**Information shown**
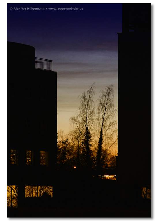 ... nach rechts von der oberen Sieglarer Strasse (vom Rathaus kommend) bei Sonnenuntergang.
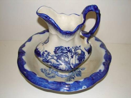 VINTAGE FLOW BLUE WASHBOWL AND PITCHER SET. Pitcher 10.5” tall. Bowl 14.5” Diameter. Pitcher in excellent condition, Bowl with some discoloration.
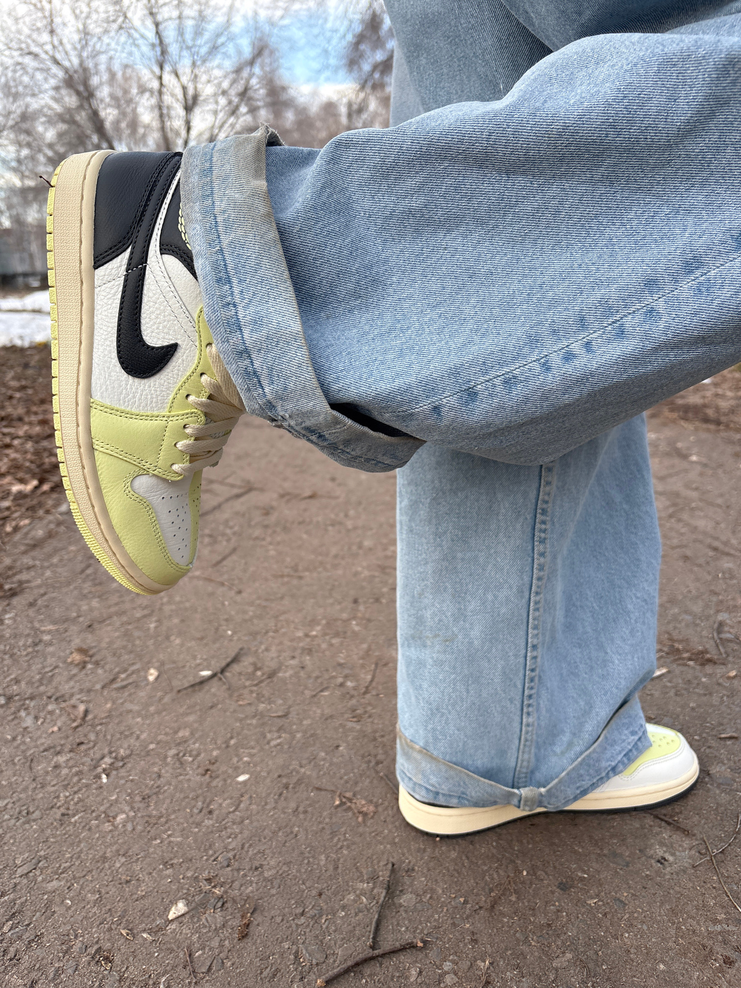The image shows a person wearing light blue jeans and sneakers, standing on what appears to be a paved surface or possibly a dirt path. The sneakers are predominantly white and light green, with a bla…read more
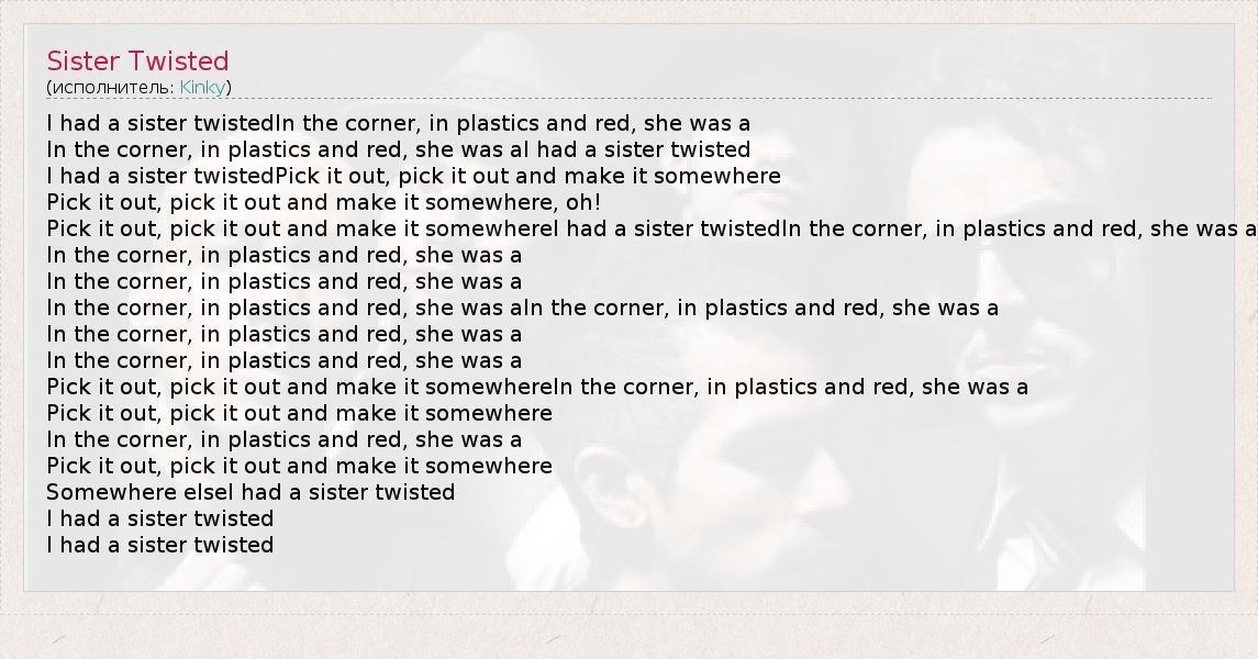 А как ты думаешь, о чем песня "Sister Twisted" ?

**Required work**
Give back, unaltered, each line of the listing from the first to the line that contains "VINTAGE FLOW BLUE", leaving every picture out.

**Solution**
 ... nach rechts von der oberen Sieglarer Strasse (vom Rathaus kommend) bei Sonnenuntergang.
 VINTAGE FLOW BLUE WASHBOWL AND PITCHER SET. Pitcher 10.5” tall. Bowl 14.5” Diameter. Pitcher in excellent condition, Bowl with some discoloration.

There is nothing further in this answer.